When we brought it back into the catalog, I felt as if we were revealing not just a soundtrack, but a blueprint: something that anticipated later developments in ambient, electronic, and minimalist music. Its atmosphere is electric yet introspective; it creates a sense of investigative drift, a psychological landscape more than a narrative one. Working on it meant treating it with the same respect you’d give to a contemporary experimental record. It’s one of those scores that reminds you why preserving and re- presenting this heritage matters: it proves that the past isn’t behind us – sometimes it’s ahead.
Stephane: There are so many... I regret not having been able to meet Vangelis in time to ask him questions about La Fête Sauvage, how his score makes the animals speak or reveal their inner feelings.
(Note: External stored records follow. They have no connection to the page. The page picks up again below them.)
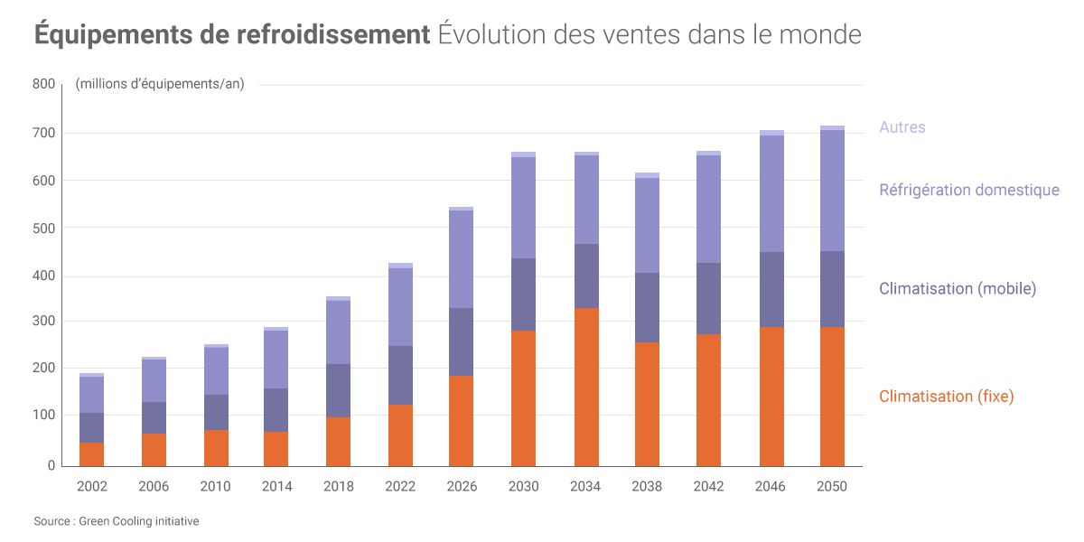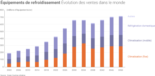 En 2017, le monde a consommé près de 3 900 TWh d'énergie à des fins de refroidissement (climatisation dans les logements et bureaux, réfrigération d’aliments et de médicaments, etc.), soit près de 3% à 4% de la consommation finale d'énergie selon Toby Peters, professeur à l’Université de Birmingham. D'après ses estimations, le secteur du refroidissement pourrait absorber 7 500 TWh en 2050, soit « 6,4% à 10% de la consommation globale d'énergie » à cet horizon, et ce malgré l'amélioration de l'efficacité énergétique des équipements associés.
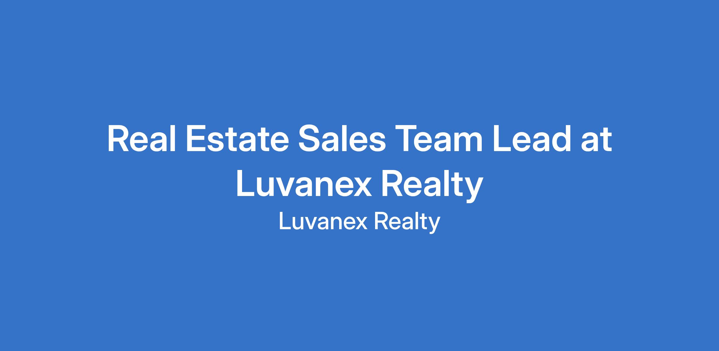 Real Estate Sales Team Lead at Luvanex Realty
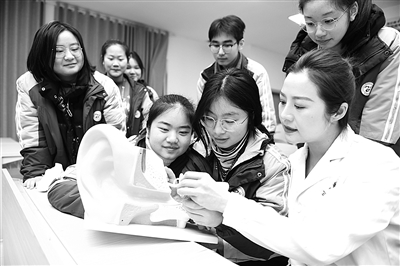 3月3日全国爱耳日来临之际,各地开展形式多样的主题活动,宣传爱耳护耳知识,关爱听力健康。图为四川省南充高级中学临江校区,川北医学院附属医院的医师为同学们讲解耳朵构造及科学护耳知识。 新华社发
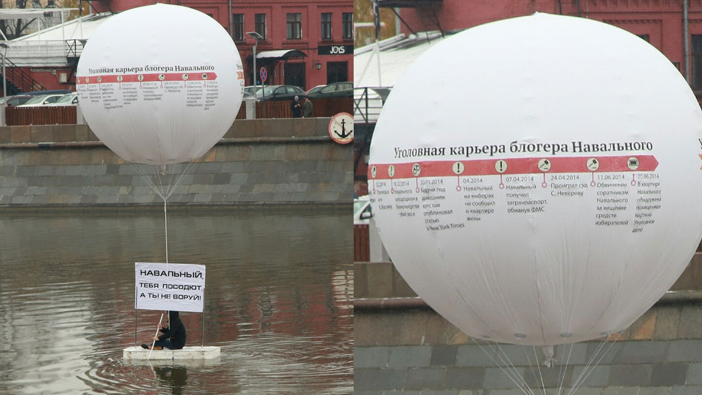 К плоту был прикреплен большой воздушный шар с надписью «Уголовная карьера Навального». К нему же была прикреплена табличка: «Навальный, тебя посодют, а ты не воруй» — переделанная фраза из советского кинофильма «Берегись автомобиля».
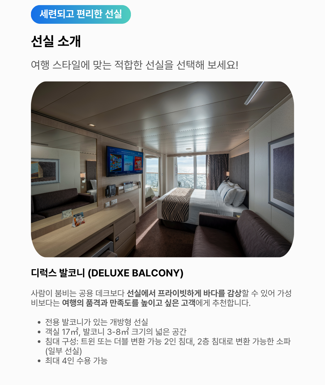 [와우크루즈단독] 이동이 휴식이 되는 서부지중해 4개국 크루즈, 발코니 초특가
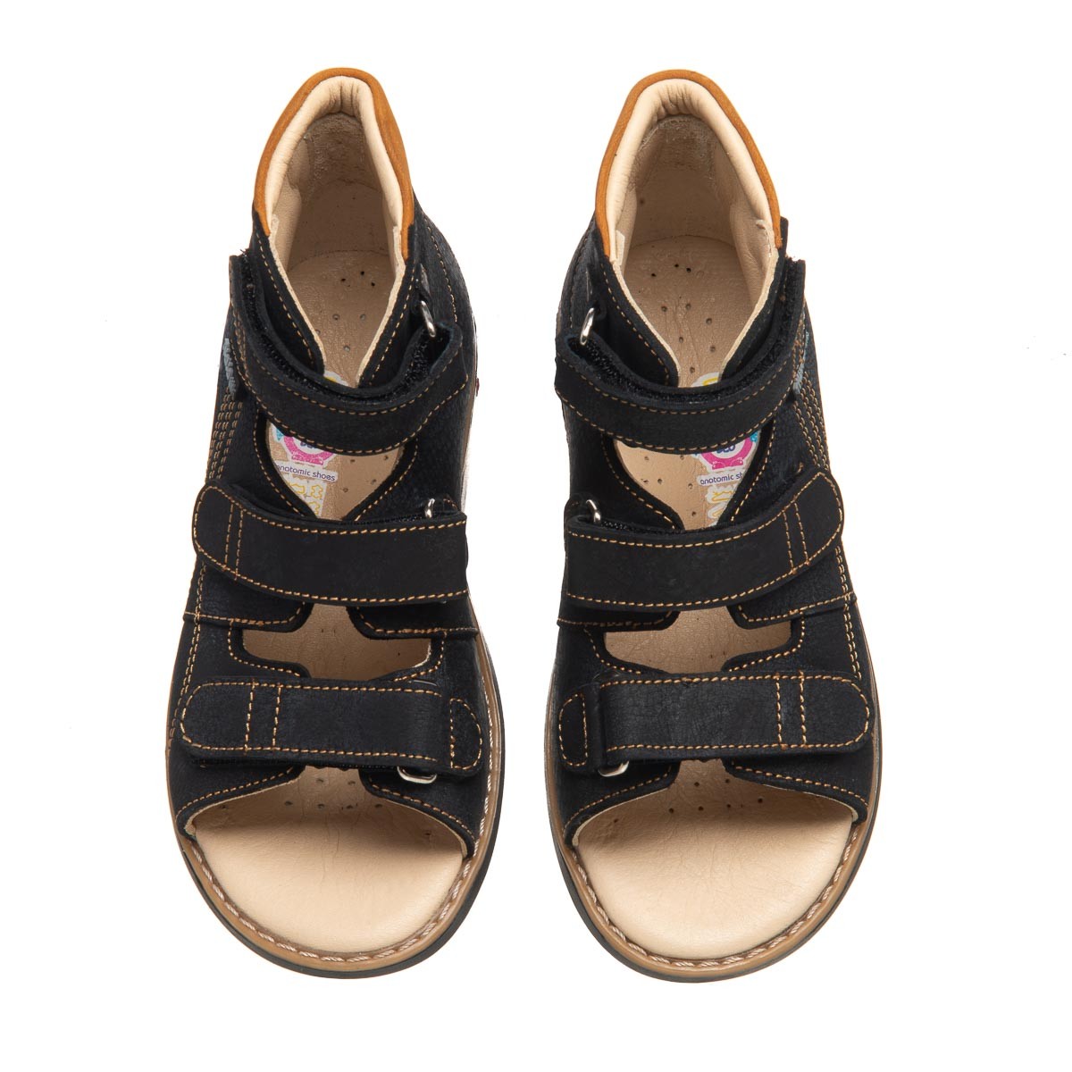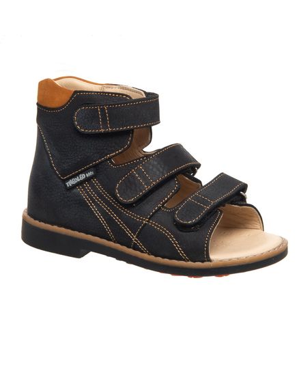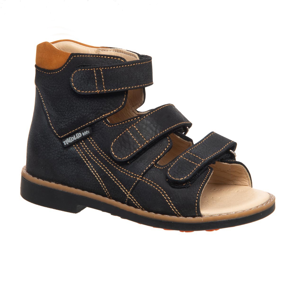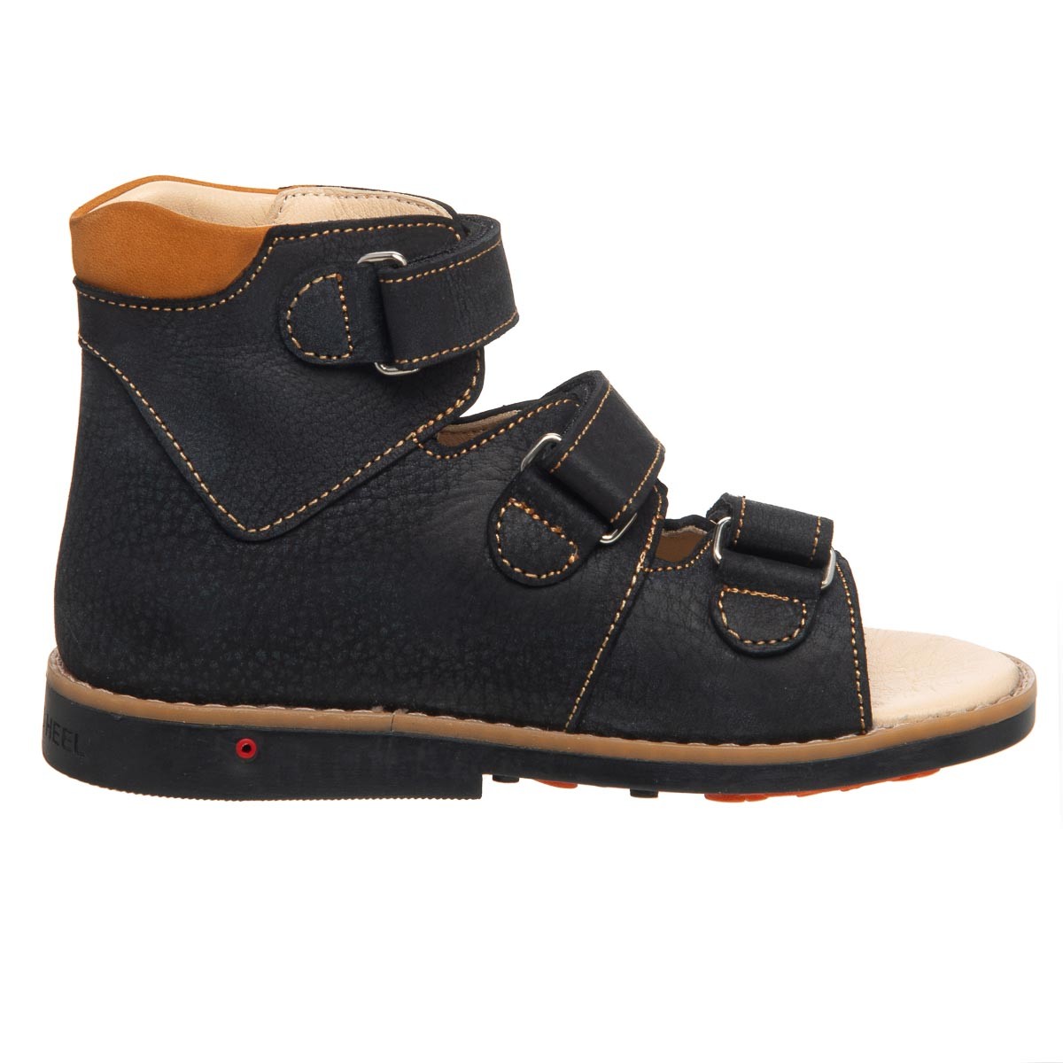 Стильные ортопедические босоножки из натуральной кожи черного цвета, станут отличным выбором для вашего мальчика. Изысканный дизайн - дополнен контрастными швами. Высокая часть берцев обеспечивает дополнительную поддержку. Три липучки позволяют легко одевать и снимать обувь, обеспечивая надежную фиксацию на ноге. При создании босоножек соблюдены все необходимые требования к ортопедической обуви:
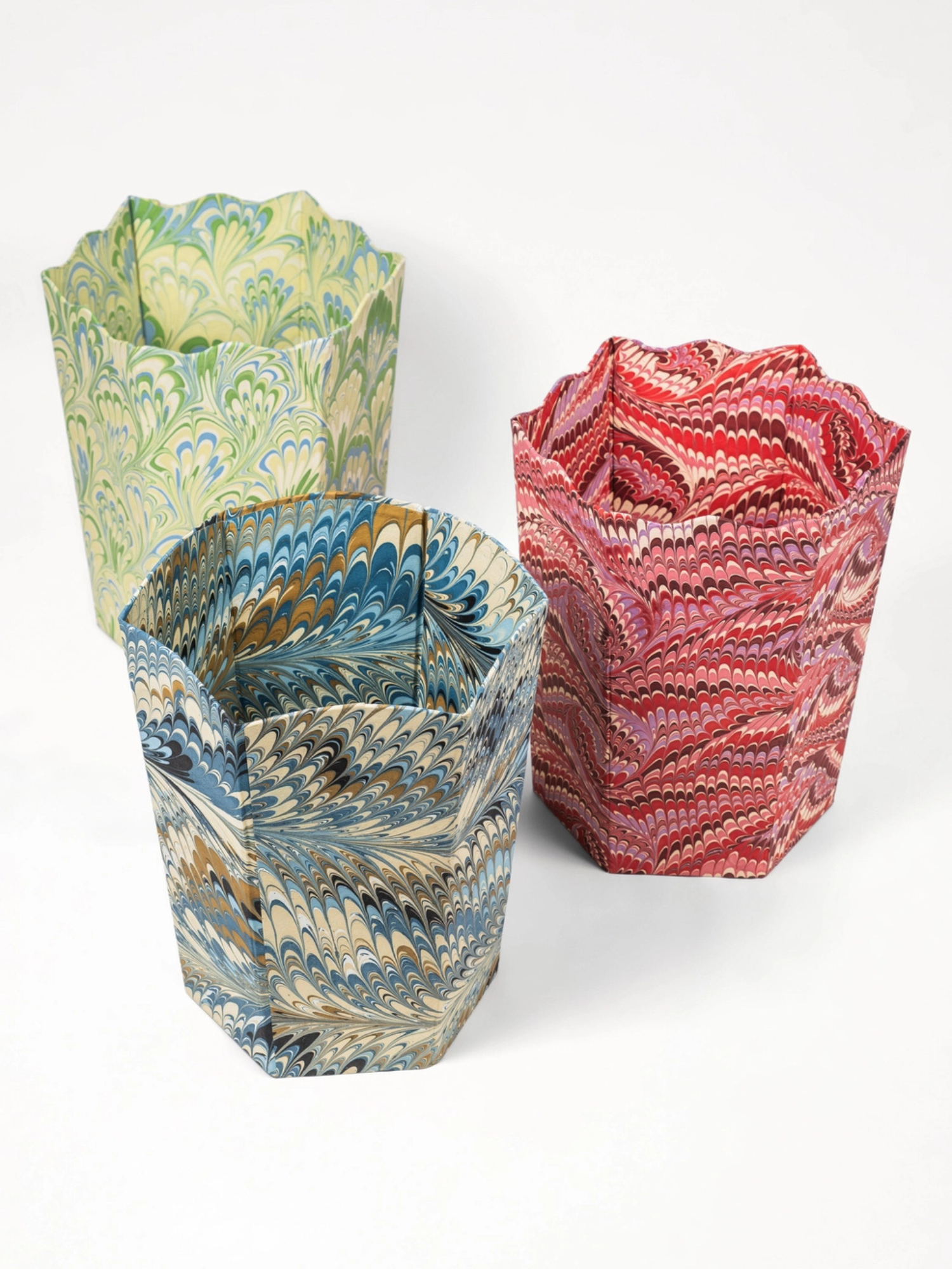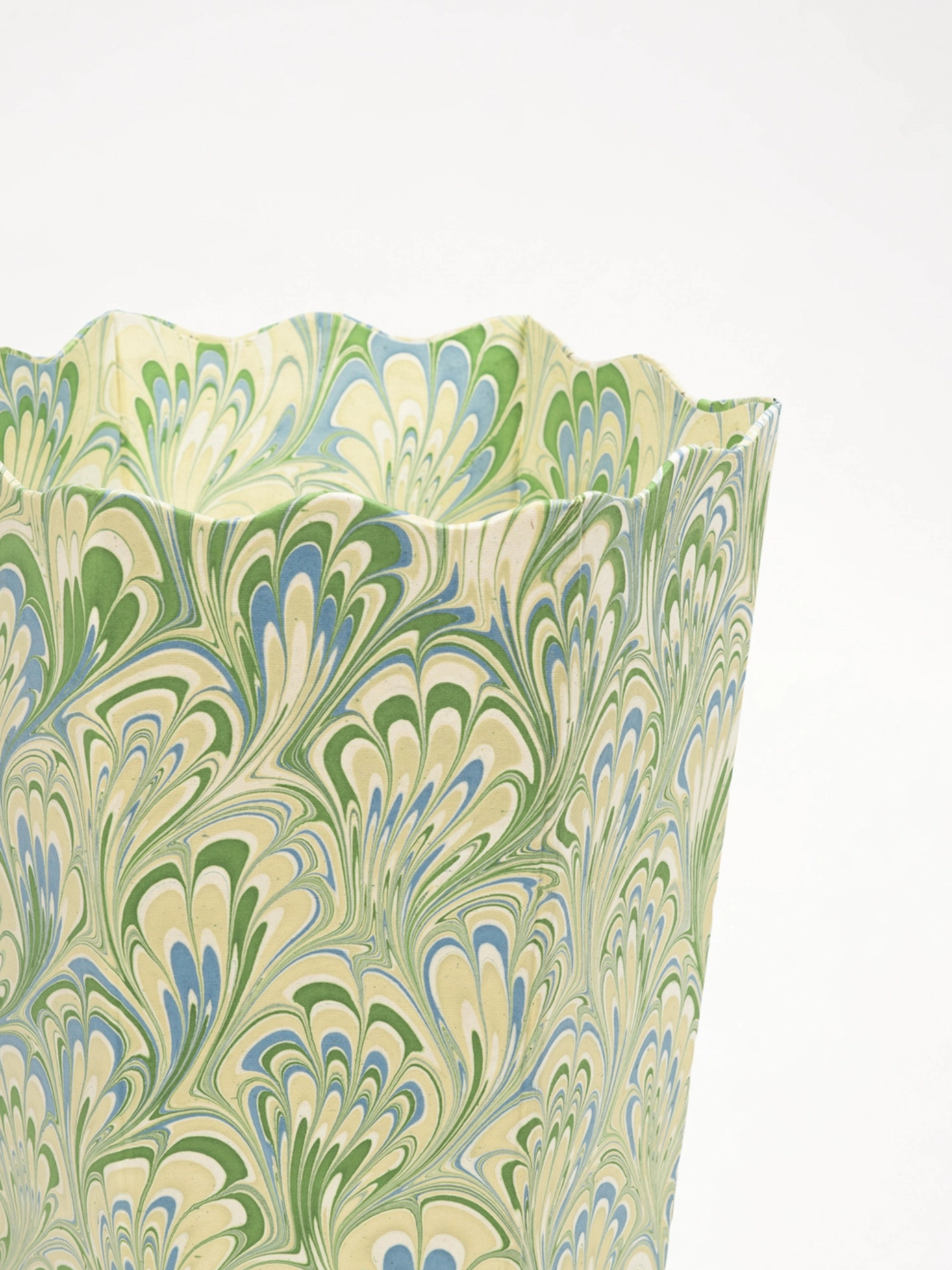 Perfectly versatile, this bin is as functional as it is beautiful—ideal for tidying up a room as a waste bin or repurposing as stylish storage for magazines, toys, or craft supplies. The scalloped edges lend a playful touch, while the marbled finish adds an elegant touch of color to any room.

With Andrea and the CAM Sugar crew, we're so proud of The Sicilian Clan's demos: it's the birth certificate of a score that will become iconic. Regarding Philippe Sarde (the most represented composer in the Sugarmusic France catalog), I recently found many psychedelic cues that deserve a proper release. And a Holy Grail: the English version of La Chanson d'Hélène, sung by Romy Schneider and spoken by Michel Piccoli. Why was it recorded but never released? Philippe doesn't remember. Listening to it brought tears to his eyes: he was then a 21 year old composer who, with astonishing maturity, tells the story of a couple who separate. It's a new treasure which will be soon available. To paraphrase poet Victor Hugo "The future is a door, the past is the key."
Read more about CAM Sugar here.
Synth History Exclusive.
Photos courtesy of CAM Sugar, credit Mattia Micheli.
Interview Conducted by Danz.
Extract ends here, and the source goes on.